GetMethod method= new GetMethod(getPath()+"/"+POS2SNP+"/_design/genotypage/_view/snpMutation");
parseResult("Map1",method);
method= new GetMethod(getPath()+"/"+POS2SNP+"/_design/genotypage/_view/snpByClass");
parseResult("Map2",method);
method= new GetMethod(getPath()+"/"+POS2SNP+"/_design/genotypage/_view/snpByClassMaxHet");
method.setQueryString("group=true");
parseResult("Map3",method);
method= new GetMethod(getPath()+"/"+POS2SNP+"/_design/genotypage/_view/snpByName");
method.setQueryString("key="+URLEncoder.encode("\"rs1\"","UTF8"));
parseResult("Map4",method);


deleteDatabase(POS2SNP) ;
}

public static void main(String[] args) {
try {
int optind=0;
CouchDBTest01 app=new CouchDBTest01();
while(optind<args.length)
{
if(args[optind].equals("-h"))
{
System.err.println("Pierre Lindenbaum PhD.");
System.err.println("-h this screen");
System.err.println("-H (host)");
System.err.println("-p (port)");
System.err.println("-d debug");
return;
}
else if (args[optind].equals("-H"))
{
app.host=args[++optind];
}
else if (args[optind].equals("-p"))
{
app.port=Integer.parseInt(args[++optind]);
}
else if (args[optind].equals("--"))
{
++optind;
break;
}
else if (args[optind].startsWith("-"))
{
System.err.println("bad argument " + args[optind]);
System.exit(-1);
}
else
{
break;
}
++optind;
}
app.makeTest();

} catch (Exception e) {
e.printStackTrace();
}
}
}

5 comments:

dalloliogm said...

The idea is good, and thank you for the post.
However, I am not sure on which are the advantages of couchdb over a relational database, for bioinformatics...

dalloliogm said...

for example, let's say you want to collect all the snps within 40,000 bp of any gene in a list of genes.
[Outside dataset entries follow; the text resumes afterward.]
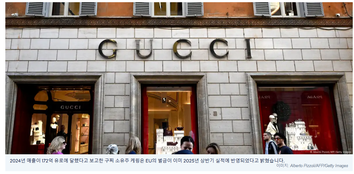2024년에 172억 유로의 수익을 보고한 프랑스의 다국적 기업인 구찌 의 소유주 케링은 EU 조사가 브랜드와 위원회의 긴밀한 협력을 통해 해결되었으며 재정적 벌금은 이미 그룹의 2025년 상반기 실적에 반영되었다고 밝혔습니다.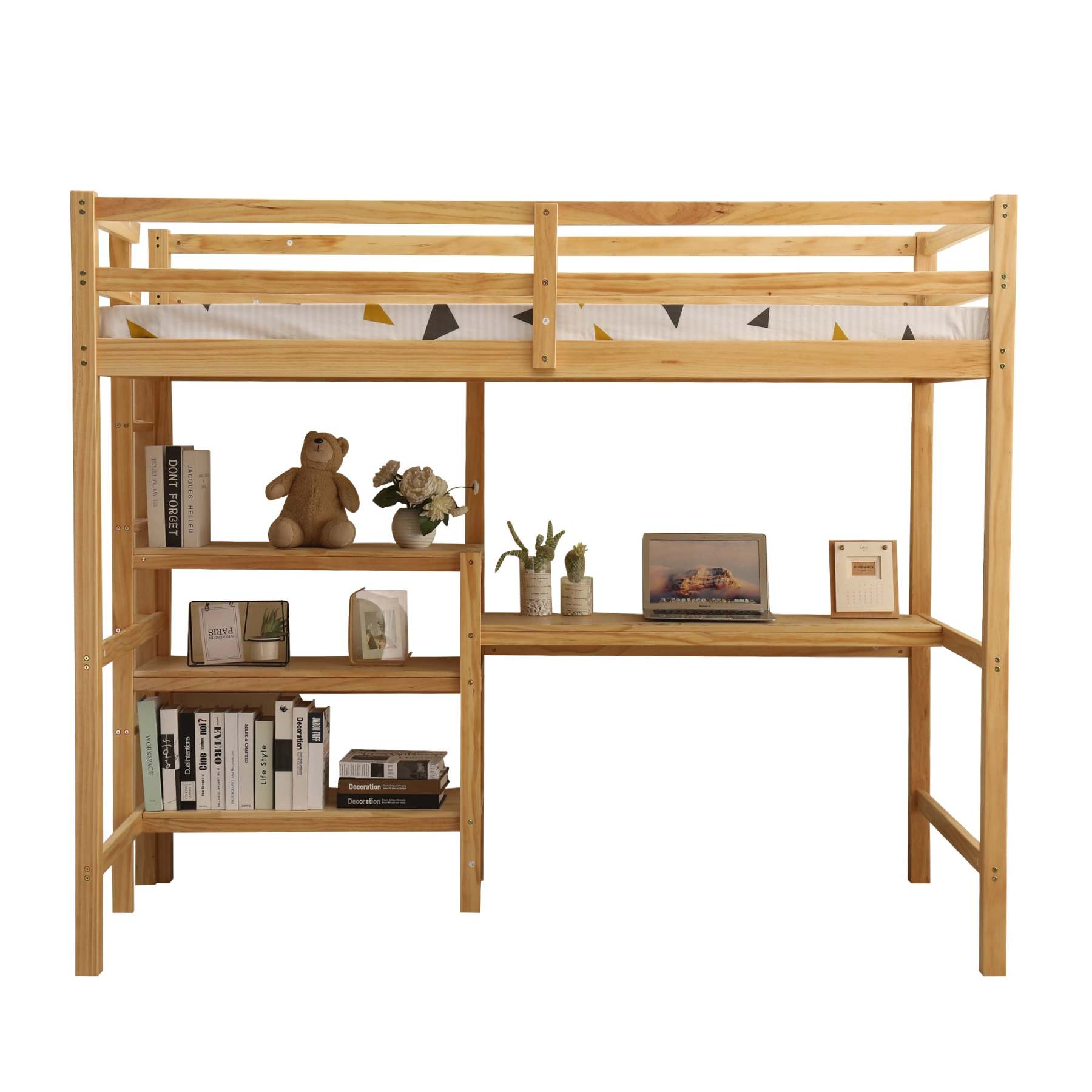 木製デスク付きロフトベッド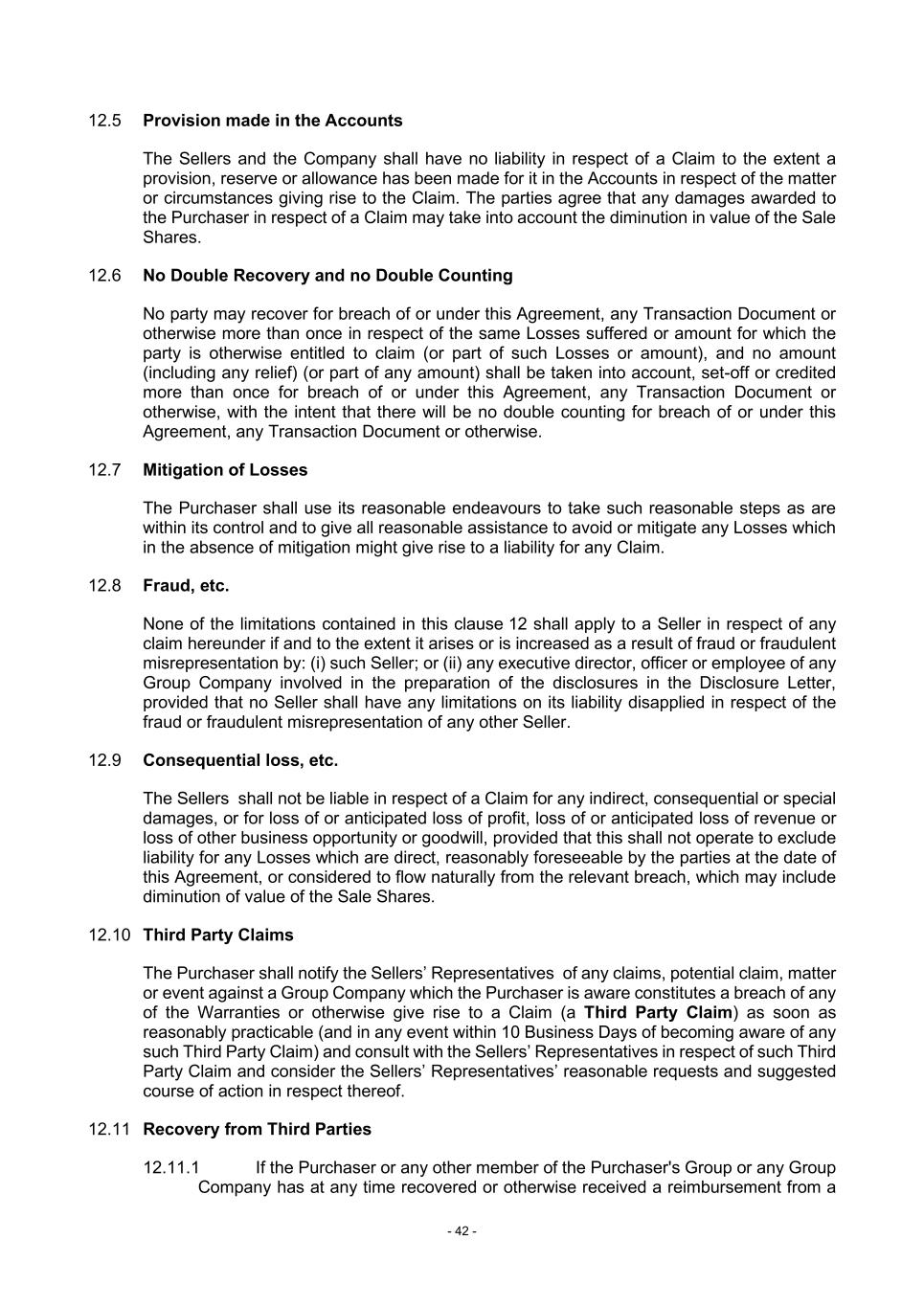 - 42 - 12.5 Provision made in the Accounts The Sellers and the Company shall have no liability in respect of a Claim to the extent a provision, reserve or allowance has been made for it in the Accounts in respect of the matter or circumstances giving rise to the Claim. The parties agree that any damages awarded to the Purchaser in respect of a Claim may take into account the diminution in value of the Sale Shares. 12.6 No Double Recovery and no Double Counting No party may recover for breach of or under this Agreement, any Transaction Document or otherwise more than once in respect of the same Losses suffered or amount for which the party is otherwise entitled to claim (or part of such Losses or amount), and no amount (including any relief) (or part of any amount) shall be taken into account, set-off or credited more than once for breach of or under this Agreement, any Transaction Document or otherwise, with the intent that there will be no double counting for breach of or under this Agreement, any Transaction Document or otherwise. 12.7 Mitigation of Losses The Purchaser shall use its reasonable endeavours to take such reasonable steps as are within its control and to give all reasonable assistance to avoid or mitigate any Losses which in the absence of mitigation might give rise to a liability for any Claim. 12.8 Fraud, etc. None of the limitations contained in this clause 12 shall apply to a Seller in respect of any claim hereunder if and to the extent it arises or is increased as a result of fraud or fraudulent misrepresentation by: (i) such Seller; or (ii) any executive director, officer or employee of any Group Company involved in the preparation of the disclosures in the Disclosure Letter, provided that no Seller shall have any limitations on its liability disapplied in respect of the fraud or fraudulent misrepresentation of any other Seller. 12.9 Consequential loss, etc. The Sellers shall not be liable in respect of a Claim for any indirect, consequential or special damages, or for loss of or anticipated loss of profit, loss of or anticipated loss of revenue or loss of other business opportunity or goodwill, provided that this shall not operate to exclude liability for any Losses which are direct, reasonably foreseeable by the parties at the date of this Agreement, or considered to flow naturally from the relevant breach, which may include diminution of value of the Sale Shares. 12.10 Third Party Claims The Purchaser shall notify the Sellers’ Representatives of any claims, potential claim, matter or event against a Group Company which the Purchaser is aware constitutes a breach of any of the Warranties or otherwise give rise to a Claim (a Third Party Claim) as soon as reasonably practicable (and in any event within 10 Business Days of becoming aware of any such Third Party Claim) and consult with the Sellers’ Representatives in respect of such Third Party Claim and consider the Sellers’ Representatives’ reasonable requests and suggested course of action in respect thereof. 12.11 Recovery from Third Parties 12.11.1 If the Purchaser or any other member of the Purchaser's Group or any Group Company has at any time recovered or otherwise received a reimbursement from a

How would you do that with couchdb? Will it be simpler with respect to a relational database?

Or another example may be representing a graph into couchdb. Do you think it would be easier to navigate it with this solutions?

Pierre Lindenbaum said...

@dalloliogm I don't think you can do things like that (join,...) with a *single* query. But I would store the start positions of the genes just like I stored the snp , I would query each gene for each snp and store the result in a temporary database before digesting the result.

There is no SQL for this kind of key/value databases because you can store anything in the entries. You have to create your own tool to query and digest your data.


Hadoop & Hierachical data: http://wiki.apache.org/couchdb/How_to_store_hierarchical_dataPierre

dalloliogm said...

ok, very interesting then.
I think I will stick with sqlalchemy and mysql for the moment, but for the next project I will look at it.
I was also looking at hdf5, a binary format which is similar to a hierarchical database.

Mic L said...

Could you please post the whole project on GitHub?